左手握着车把,虎口被震得发麻。他盯着前面那点光,脑子里却不受控制地,一遍遍闪过那摊摔碎的血肉,那只紧握的手,还有那片残片上,那只冰冷的、没有瞳孔的“眼睛”。

阿婆说,丙午鬼门开。

鬼门……是道什么门?在哪儿开?开了会怎么样?

还有,那些“要回来的东西”,又是什么?

他低头,胸口的位置,兽牙吊坠贴着皮肤,不烫了,恢复了往常那种微凉,存在感却比任何时候都强。仿佛那不是块死物,而是个活的东西,正贴着心口,静静听着他的心跳。

镇子西头的灯火,越来越近,也越来越稀拉。回龙镇穷,年轻人跑光了,夜里亮灯的没几户。棺材铺那片更是黑灯瞎火,只有他家后院,从门缝里漏出一点昏黄的光,在风里摇摇曳曳,像个等门的孤魂。

陈阙拐进小巷,车轮碾过碎石,停在吱呀作响的后门边。他没立刻下车,先侧耳听了听。里头没咳嗽声,也没别的动静,只有穿堂风刮过空屋子的呜咽。

他解开车后座的麻绳,将担架连同白布裹尸一起卸下来,扛在肩上。尸体不轻,压得他肩膀一沉,但他腰杆挺得笔直,脚步稳当地推开虚掩的后门。

后院不大,堆着木料、刨花,还有几口半成品的薄皮棺材,在月光下泛着惨白的光。他把尸体暂时放在平时放板材的条凳上,用一块防雨的油布草草盖了。明早再说,现在太晚,折腾起来动静大。

弄完这些,他才直起腰,长长吐出一口气。白气在冰凉的夜色里凝成一团,很快散了。他搓了搓冻得有些发僵的手,掌心那被残片硌出的红印子还没消。

堂屋里黑着,只里屋门缝下透出一线光。陈阙轻手轻脚走进去,反手带上门。堂屋正中央供着“天地君亲师”的牌位,香炉里积着厚厚的香灰,味道陈腐。旁边墙上,挂着个玻璃相框,里头是他从未谋面的“爷爷”的黑白相片,一个同样瘦削、眉眼沉静的老人,眼神和他有几分像,却又隔着说不清的年代感。
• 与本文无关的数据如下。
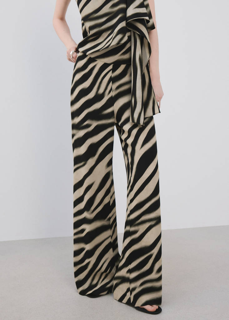 Straight design. Zebra print. Mid-rise. Adjustable waist. Total look
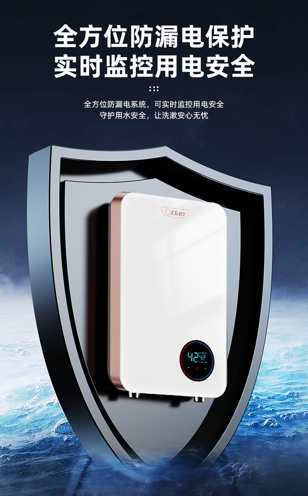 对于电热水器的使用,消费用户最大的安全顾虑就是怕漏电。为了让消费者在使用过程中没有后顾之忧,奥特朗即热式电热水器F6H沿用四重防漏电科技:接地保护、发热管水电分离、进出水隔电墙,漏电保护装置,开启全方位的防漏电保护,实时监测用电安全,避免漏电隐患,让洗浴安心无忧,无需战战兢兢。
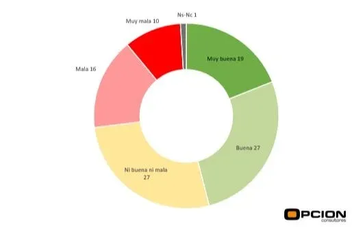 Un 19% consideró que la gestión del gobierno es "muy buena" y 27% opinó que es "buena". La buena gestión de la pandemia es uno de los puntos mejor valorados. Otro 27% dijo que no fue "ni buena ni mala", y 16% sostuvo que es "mala". Además, 10% consideró que es "muy mala".
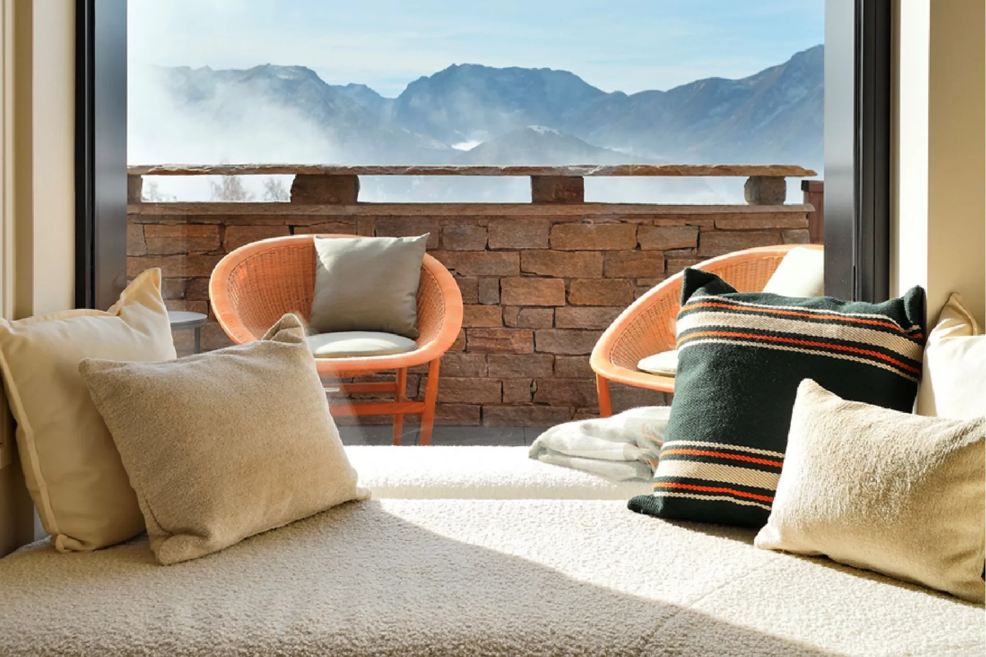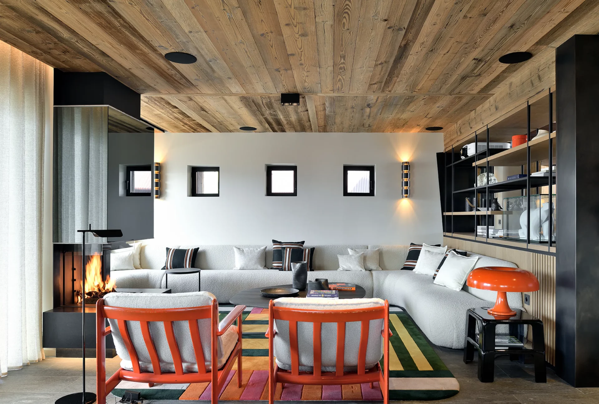 - Espace salon : canapé panoramique face à une cheminée et une grande baie vitrée qui vous offre une vue dégagée

他没多看,径直走向自己那间杂物房改的卧室。推开门,一股混合了木头、旧书、草药和年轻人特有气息的味道扑面而来。屋里没开灯,只有窗外漏进的惨淡月光,勉强勾勒出床、旧书桌和一个塞满杂物的木柜轮廓。

陈阙反手关紧房门,背靠着冰凉的门板,站了一会儿。屋里很静,静得能听见自己胸腔里,那颗心,在一下,又一下,沉重地跳。还有血流过耳朵时,那种低沉的轰鸣。

他这才松开一直紧握的右手,从内兜里,掏出那片“骨眼”。

月光吝啬,屋里太暗,看不清。他摸索着走到书桌前,拉开抽屉,拿出一盏老式的煤油灯。擦燃火柴,橘黄的火苗腾起,点亮玻璃灯罩。昏暖的光晕驱散一小片黑暗,也将他紧绷的脸和手中的东西,照得清晰。

残片静静躺在他掌心,深灰色,在油灯光下,仿佛吸走了周围所有的光,显得更加晦暗沉郁。上面那些黑色的、扭曲的“眼睛”纹路,在跳跃的光影里,仿佛也在微微蠕动,那没有瞳孔的漩涡中心,深不见底,看久了,竟有种灵魂要被吸进去的错觉。

寒意更清晰了,顺着掌心脉络,持续不断地渗入。丹田里的寒气似乎感应到源头,又活跃了几分,那股冰流运行的轨迹,似乎也清楚了一点。陈阙凝神内视,尝试去捕捉、去引导,但那感觉太微弱,太陌生,像隔着一层厚厚的毛玻璃,看不清,也抓不住。

他翻来覆去地看。除了那诡异的“眼睛”图案,残片本身质地也古怪。非金非玉,非石非木。他用指甲轻轻刮了刮边缘,刮不下粉末,硬度极高。试着用灯焰去烤,烤了半天,触手依旧冰凉,半点温度不增。凑近了闻,只有一股极淡的、类似古墓深处泥土和某种金属氧化混合的陈旧气味,再无其他。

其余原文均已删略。